Economy, International Markets, Week in Review
Saudi Arabian economy shows strength as role of oil production fluctuates
As Saudi Arabia approves its state budget for 2026, the country anticipates a narrowing fiscal deficit as they prioritize industrial and logistics sectors in an effort to increase non-oil-based revenue. The country is projecting a deficit of 165 billion riyals ($44 billion), about 3.3% of gross domestic product (GDP).
As Saudi Arabia approves its state budget for 2026, the country anticipates a narrowing fiscal deficit as they prioritize industrial and logistics sectors in an effort to increase non-oil-based revenue. The country is projecting a deficit of 165 billion riyals ($44 billion), about 3.3% of gross domestic product (GDP).
While sizable, the deficit is down from the estimated deficit this year, with lower oil prices and production weighing on revenue, causing spending to exceed the budgeted level by 4%, per Reuters.
Saudi Arabia is more than halfway through the Vision 2030 blueprint for economic transformation introduced in 2016, which calls for hundreds of billions in government investments to wean the country’s economy off its dependence on hydrocarbon revenues. The budget marks the third phase of the project, according to Reuters, with a shift in focus from economic reforms to maximizing their impact.
“Our level of spending in the last three budget cycles has been consistent, but now it is about what we are spending on, rather than how much we are spending,” said Saudi Arabian Finance Minister Mohammed Al Jadaan, per Reuters.

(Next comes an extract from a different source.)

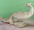 Vintage Mcm Beige Splatterware Ceramic Peacock Figurine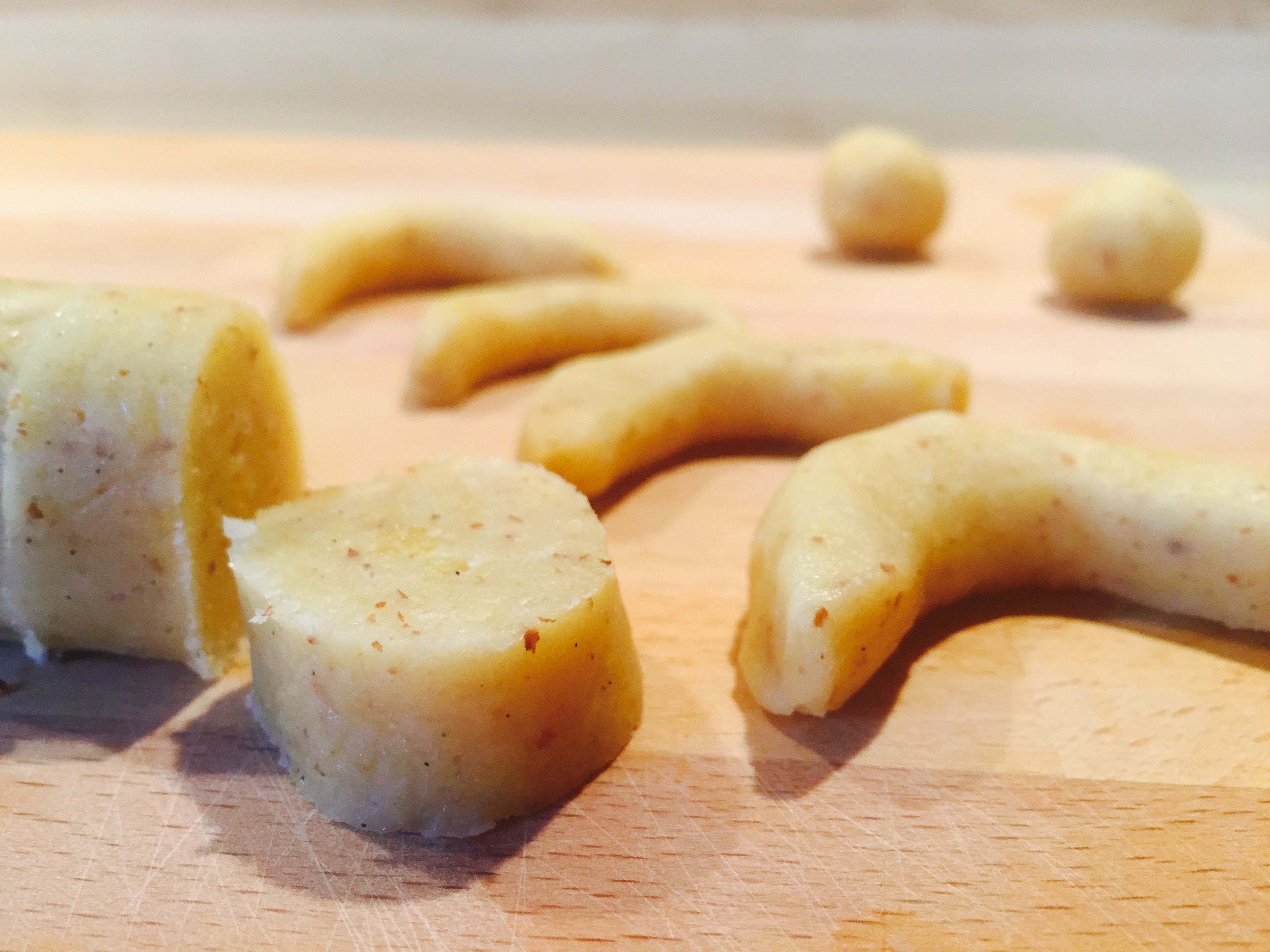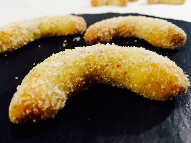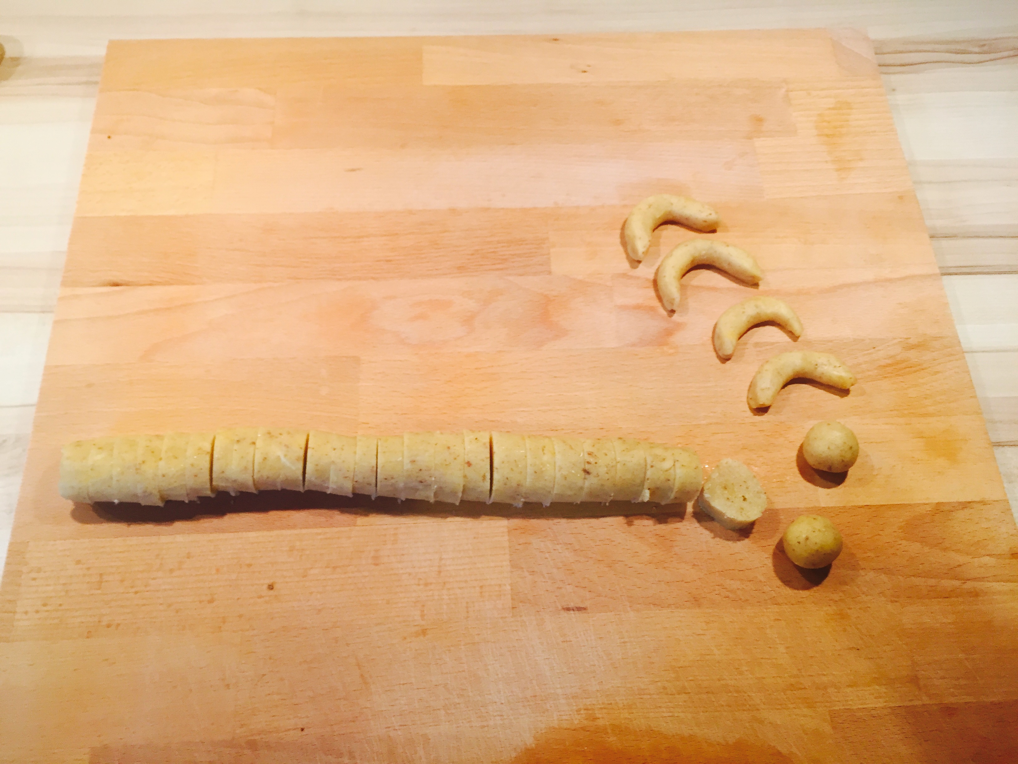 Den Backofen auf 160 °C Umluft (180 °C Ober-/Unterhitze) vorheizen. Eine Rolle aus dem Kühlschrank holen und in 35 Scheiben schneiden (ca. 0,5 cm breit). Jede Scheibe mit der Handinnenfläche zu einer Kugel und dann zu einer 5 cm langen „Wurst“ rollen:). Anschließend die „Würste“ zu einem Hörnchen formen, sodass sie die typische Form eines Vanillekipferls bekommen. Sollten sie nun zu weich sein, sie einfach wieder für ein paar Minuten in den Kühlschrank legen und dann auf einem mit Backpapier ausgelegten Blech für 15 Minuten backen.

This year the nation saw positive economic growth, with the economy growing by 5% in the third quarter, per Reuters, driven by oil activities expanding by 8.2% year-over-year as well as 4.5% growth in non-oil activity and 1.8% growth in government activity. Saudi Arabia’s GDP increased 1.4% in the third quarter from the previous quarter, likely driven by a 3.1% increase in oil activities.
The country’s expected economic growth is boosted by the gradual unwinding of oil production cuts by the OPEC+ group of nations. After curbing production over several years to support the oil market, the group started easing those curbs in April, according to Reuters.
Saudi Arabia, the world’s largest oil exporter, reduced the price of its crude oil for customers in Asia, according to the Wall Street Journal, which reflects caution after OPEC+ announced plans to pause output increases in early 2026.
Of the credit managers with recent sales to Saudi Arabia, all of them are selling to existing customers, according to FCIB’s Credit and Collections Survey. About 16% of credit managers with customers in Saudi Arabia do not extend credit to said customers. Of those extending credit in the country, 8% offer 1-30-day terms, 33% offer 31-60-day terms, 16% offer 61-90-day terms and 25% offer over 90-day terms. Credit managers find that customers in Saudi Arabia are 66 days beyond terms on average.
The majority of credit managers find that payment delays are staying the same, with a slight 30% seeing an increase in delays. Of those experiencing delays, the primary causes are cultural norms and customs (60%), billing disputes (40%), customer payment policy (40%) and other disputes (30%).
“Due to global economic struggles, there is more and more AI fraud,” one respondent wrote. “Know who you are selling to and do your due diligence.”
“Saudi Arabian customers need constant reminders, phone calls and sometimes visits,” another respondent wrote. “Continue to stay in contact with the customer and if needed block orders.”